┌──

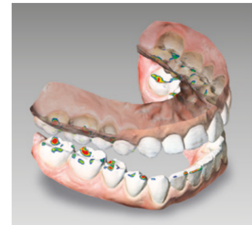
Representation of the static and dynamic contact situation with the software modul "digital occlusion analysis".
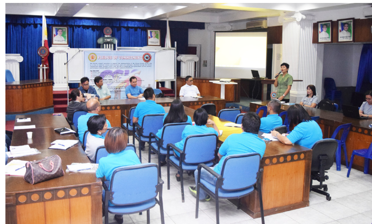
CSIS Utilization Conference - March 31, 2015 City of San Fernando, La Union

The CSIS is a set of data tools designed to collect and generate relevant citizens’ feedback on local governments’ service delivery performance and on the citizens’ general satisfaction. The DILG implements the program by partnering with Local Resource Institutes (LRIs) which are commissioned to conduct the Fieldwork and prepare the Citizen Satisfaction Reports.
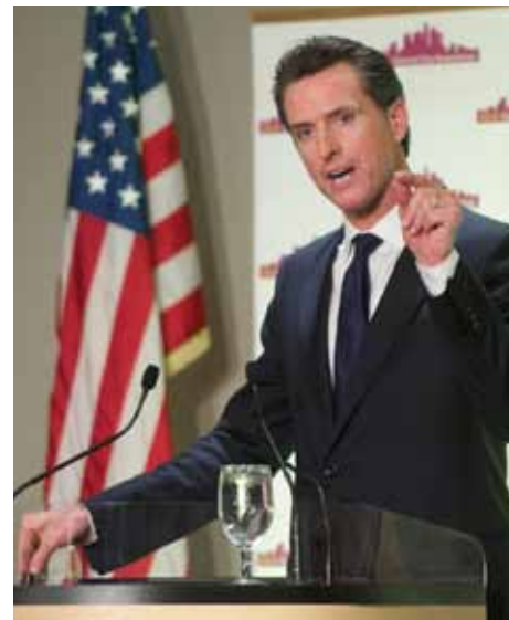
Lieutenant Governor Gavin Newsom

Newsom also emphasized that with our state in a jobs crisis, California must adapt to the fast-changing global economy and emulate successful
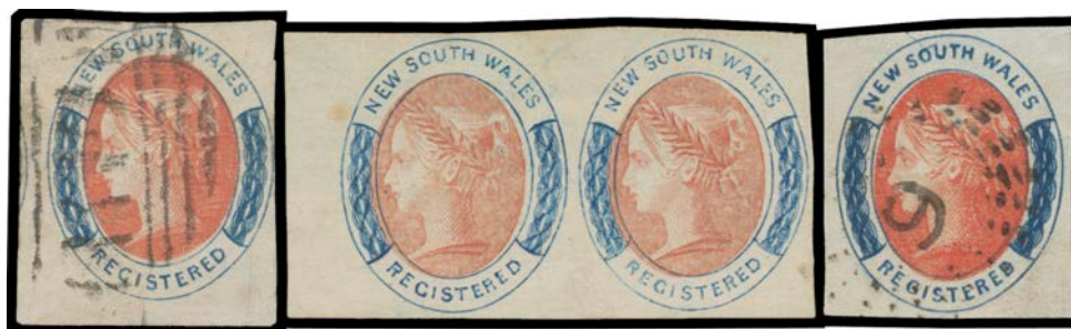
Ex Lot 251
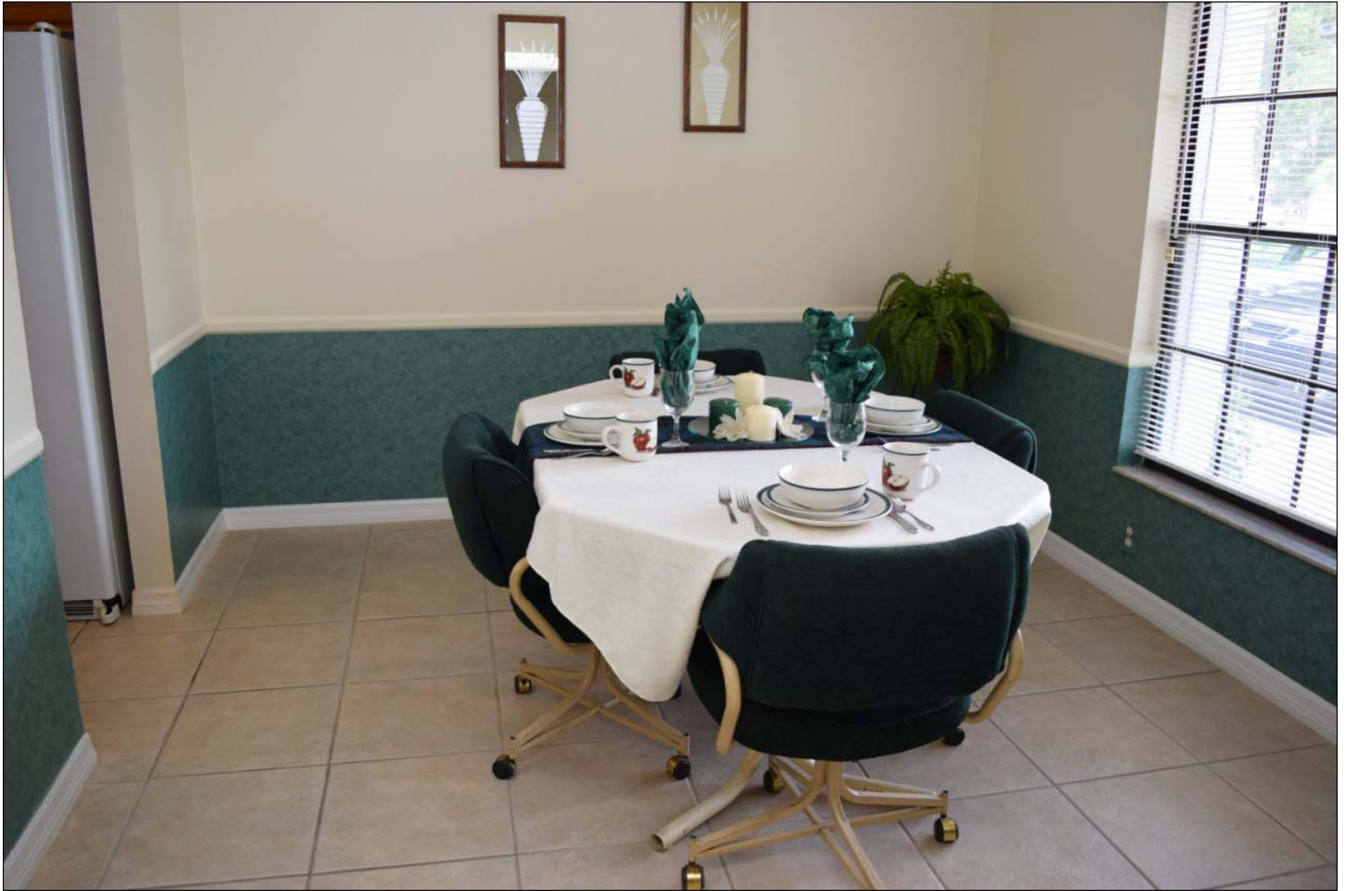
Formal Dining Room with front view 11 x 10
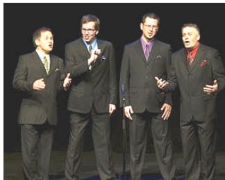
Vocal Works (2 nd )

2010 Quartet champs are The New Originals from Bellingham & Western Washington, with a revived Vocal Works (Vancouver) placing 2 nd and Abbots 4 third. The 5 quartets in the Prelims finals produced two International qualifiers: Catcher Block from FWD
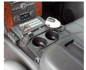
2007 Tahoe/Yukon/Suburban C-VS-1000-TAH

Call Today for Quick Delivery 1-800-524-9900 or visit www.havis.com
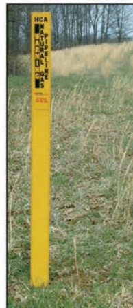
4. HCA line-of-sight marker
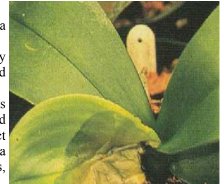
Bacterial rot caused by Erwinia carotovora pv. carotovora and Erwinia chrysanthemi on a phalaenopsis.

Appearances include brown/ black mosaic pattern or chlorotic streaks on leaves. Virus cannot be diagnosed by appearance alone as there are many other causes for these symptoms. Plant appears unhealthy. Diagnosis is confirmed by a laboratory Enzyme – linked immunosorbent assay test (ELISA). Many orchids that carry virus show no symptoms but can infect other plants. There is no effective treatment so discard or isolate. Virus is not spread by insects, except in Masdevallia – which are infected by aphids. Virus spread by infected cutting tools, pots etc. - Sterilisation of all tools and good greenhouse practice and hygiene is essential. Avoid overcrowding, assume all plants could be infected.
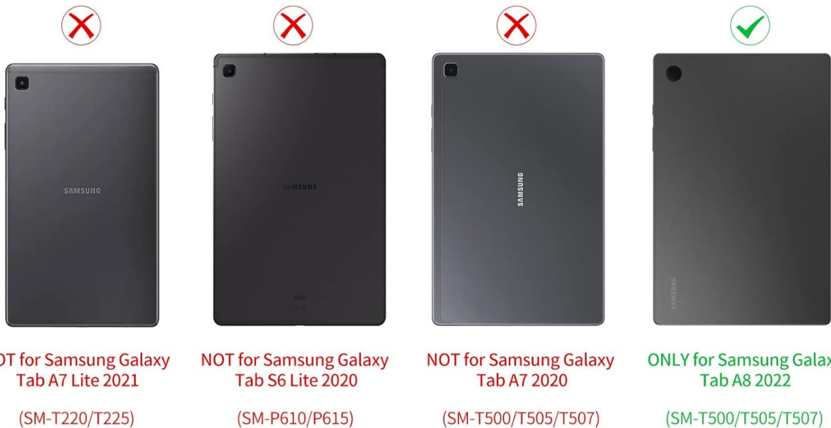
Image: Compatibility chart indicating supported Samsung Galaxy Tab A8 10.5 (2022) models and incompatible models.

Please confirm your tablet model number before purchasing Go to "Settings" on your tablet - About tablet - Model - "SM-X200" "SM-X205" or "SM-X207" (Right model number)
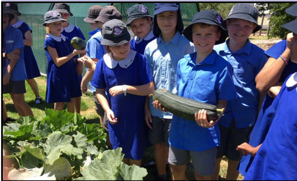
Kitchen Garden ~ Bumper Crops
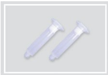
Syringes with Stoppers
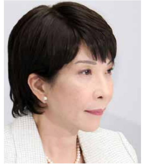
Japanese Premier Sanae Takaichi

In the international arena, this will mean keeping relations with China on a stable footing and avoiding
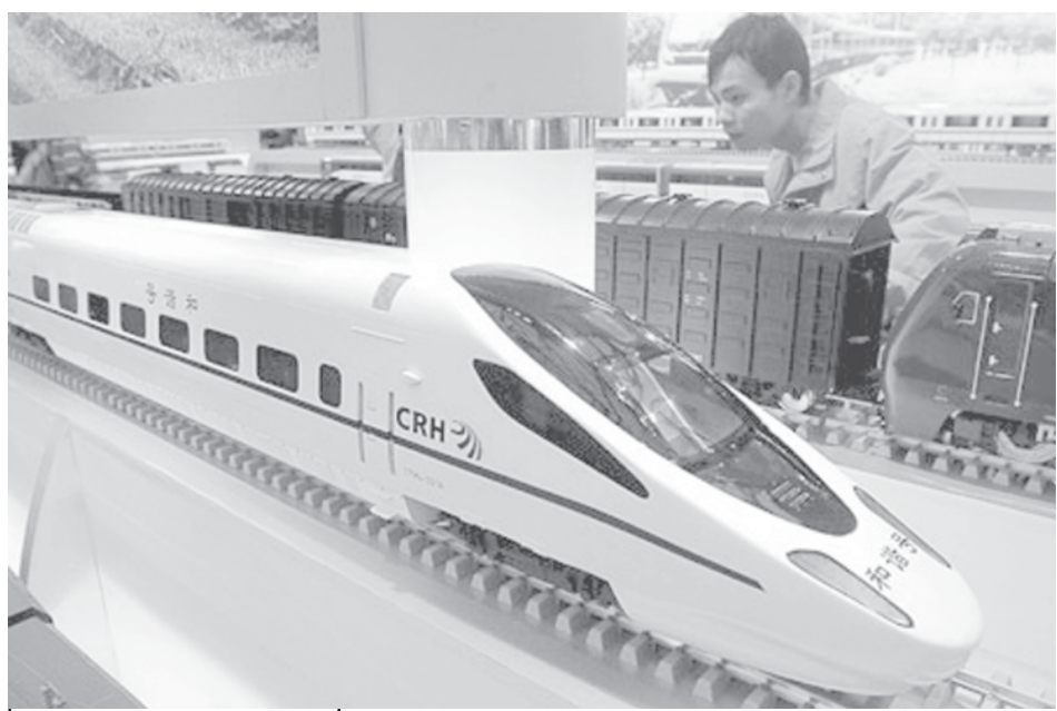
A visitor views the model of a CRH train at the 2007 China International Industry Fair in Shanghai, on 6 Nov, 2007. This event, initiated in 1999, is China's largest international industry expo.
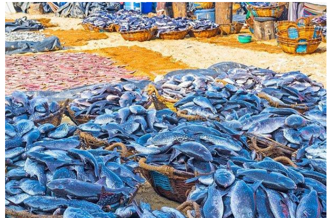
Negombo Fishing Village
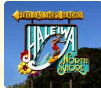
Haleiwa North Shore surfing town
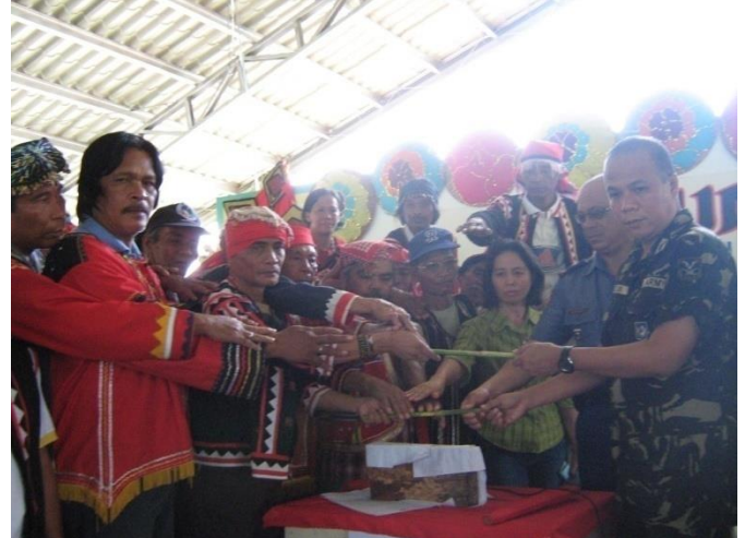
Closing ceremonies of the peace pact

└──

INSTRUCTIONS TO FOLLOW. Take the line that contains "Image: Compatibility chart" and every line after it up to the end of the records above, and restate them exactly, without the pictures.

COMPLETED TASK.
Image: Compatibility chart indicating supported Samsung Galaxy Tab A8 10.5 (2022) models and incompatible models.

Please confirm your tablet model number before purchasing Go to "Settings" on your tablet - About tablet - Model - "SM-X200" "SM-X205" or "SM-X207" (Right model number)
Kitchen Garden ~ Bumper Crops
Syringes with Stoppers
Japanese Premier Sanae Takaichi

In the international arena, this will mean keeping relations with China on a stable footing and avoiding
A visitor views the model of a CRH train at the 2007 China International Industry Fair in Shanghai, on 6 Nov, 2007. This event, initiated in 1999, is China's largest international industry expo.
Negombo Fishing Village
Haleiwa North Shore surfing town
Closing ceremonies of the peace pact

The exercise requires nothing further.